(EXERCISE DATA Opens)
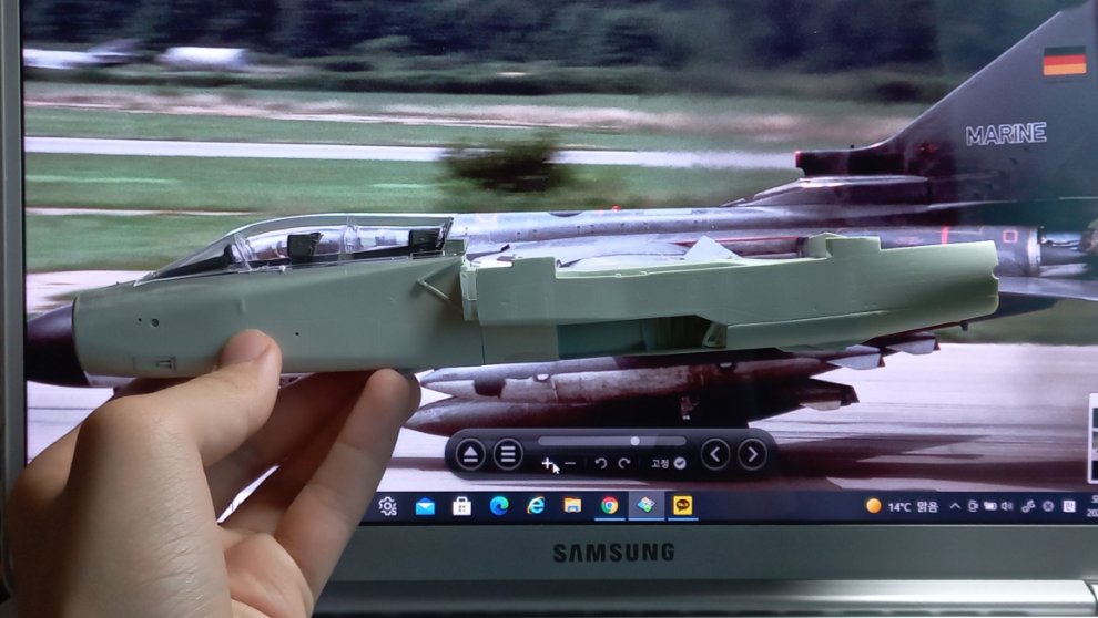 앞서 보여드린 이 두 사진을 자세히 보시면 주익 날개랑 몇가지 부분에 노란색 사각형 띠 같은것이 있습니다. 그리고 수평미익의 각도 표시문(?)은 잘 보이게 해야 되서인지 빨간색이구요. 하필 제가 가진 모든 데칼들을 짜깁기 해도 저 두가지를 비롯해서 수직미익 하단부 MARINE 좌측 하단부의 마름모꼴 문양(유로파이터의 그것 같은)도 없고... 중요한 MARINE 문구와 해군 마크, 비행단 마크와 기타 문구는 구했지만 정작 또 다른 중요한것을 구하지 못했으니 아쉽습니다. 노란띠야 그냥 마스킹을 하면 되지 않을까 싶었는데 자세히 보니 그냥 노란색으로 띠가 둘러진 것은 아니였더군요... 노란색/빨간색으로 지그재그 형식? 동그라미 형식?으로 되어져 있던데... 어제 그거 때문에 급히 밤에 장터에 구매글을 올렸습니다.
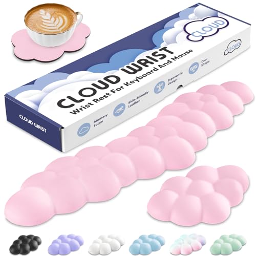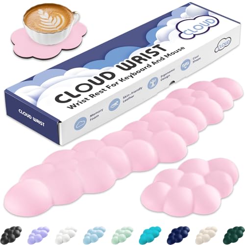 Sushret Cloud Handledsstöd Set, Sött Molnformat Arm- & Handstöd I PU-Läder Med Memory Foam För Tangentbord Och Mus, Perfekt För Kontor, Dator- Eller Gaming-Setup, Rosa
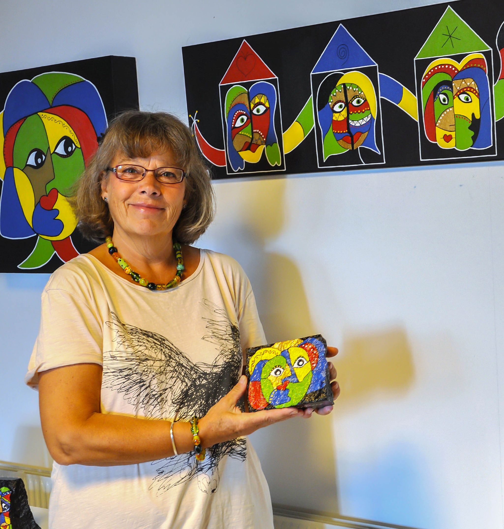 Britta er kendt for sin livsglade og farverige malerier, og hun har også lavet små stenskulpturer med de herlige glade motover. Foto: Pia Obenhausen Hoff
(EXERCISE DATA Closes)
(EXERCISE DATA Opens)
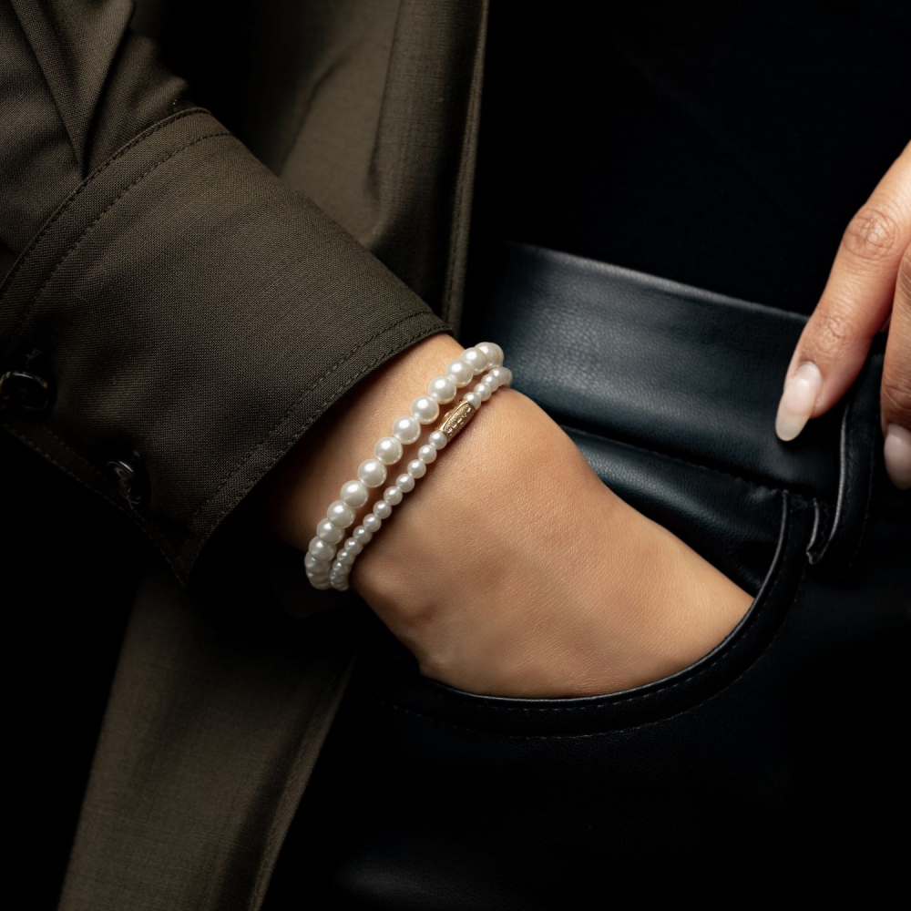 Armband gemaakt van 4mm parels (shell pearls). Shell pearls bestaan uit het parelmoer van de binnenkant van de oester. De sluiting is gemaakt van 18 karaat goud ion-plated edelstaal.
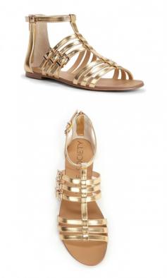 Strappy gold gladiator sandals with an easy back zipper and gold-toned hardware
(EXERCISE DATA Closes)
(EXERCISE DATA Opens)
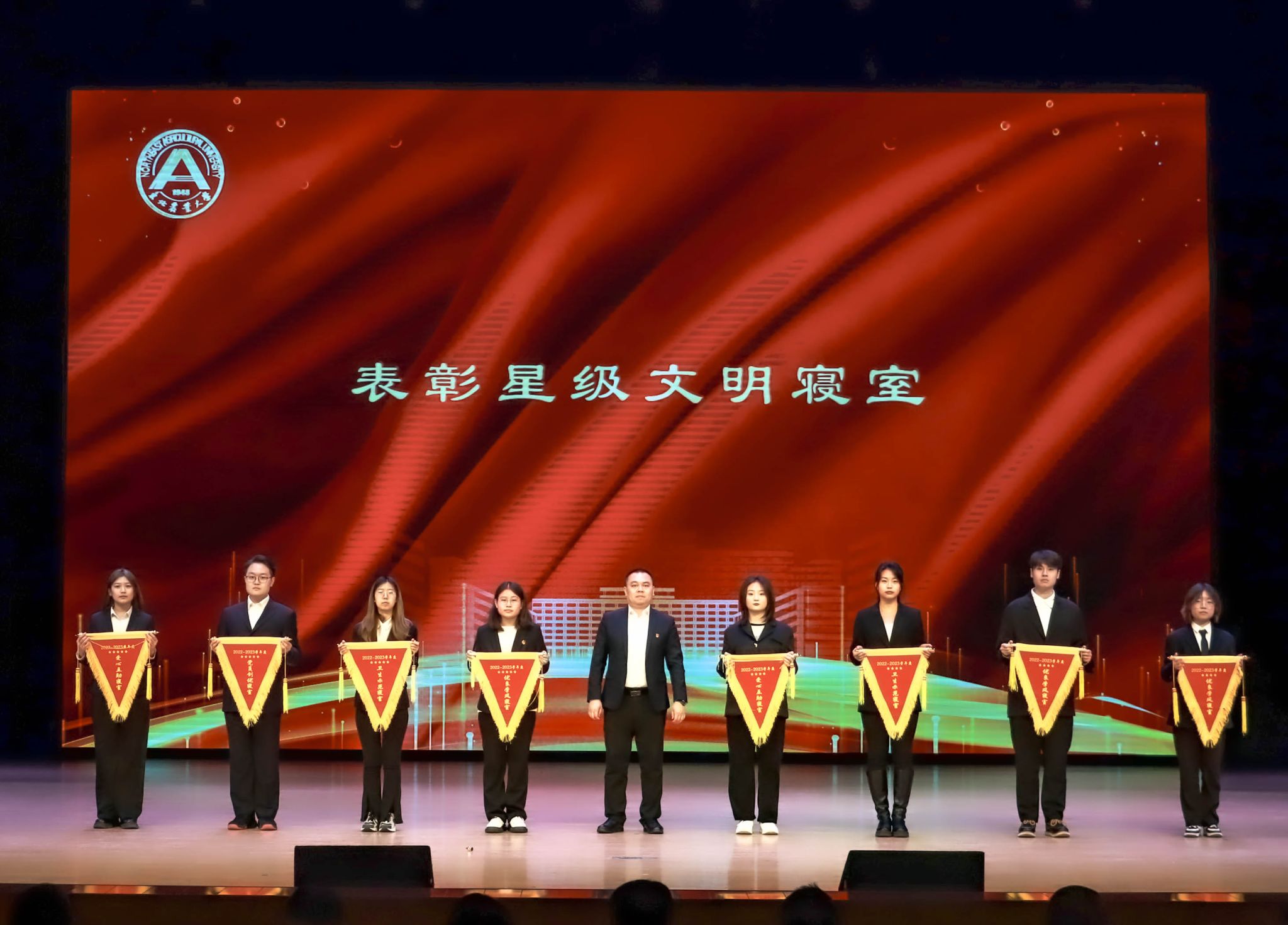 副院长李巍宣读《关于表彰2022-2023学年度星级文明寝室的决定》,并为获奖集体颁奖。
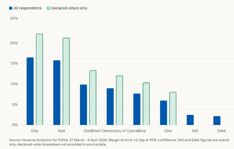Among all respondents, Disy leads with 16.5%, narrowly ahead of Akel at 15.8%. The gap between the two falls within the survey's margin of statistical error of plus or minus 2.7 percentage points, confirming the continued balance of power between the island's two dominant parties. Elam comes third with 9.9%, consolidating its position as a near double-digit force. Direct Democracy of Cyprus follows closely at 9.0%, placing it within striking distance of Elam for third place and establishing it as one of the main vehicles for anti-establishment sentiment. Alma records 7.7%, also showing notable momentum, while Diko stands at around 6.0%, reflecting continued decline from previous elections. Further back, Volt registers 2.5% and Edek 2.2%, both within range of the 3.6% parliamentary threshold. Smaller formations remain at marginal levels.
(EXERCISE DATA Closes)
— PROBLEM REQUIREMENTS —
Line for line, output the entries above from the line with "Sushret Cloud Handledsstöd" to the line with "Britta er kendt", both included, and nothing more. Skip pictures.

— YOUR SOLUTION —
 Sushret Cloud Handledsstöd Set, Sött Molnformat Arm- & Handstöd I PU-Läder Med Memory Foam För Tangentbord Och Mus, Perfekt För Kontor, Dator- Eller Gaming-Setup, Rosa
 Britta er kendt for sin livsglade og farverige malerier, og hun har også lavet små stenskulpturer med de herlige glade motover. Foto: Pia Obenhausen Hoff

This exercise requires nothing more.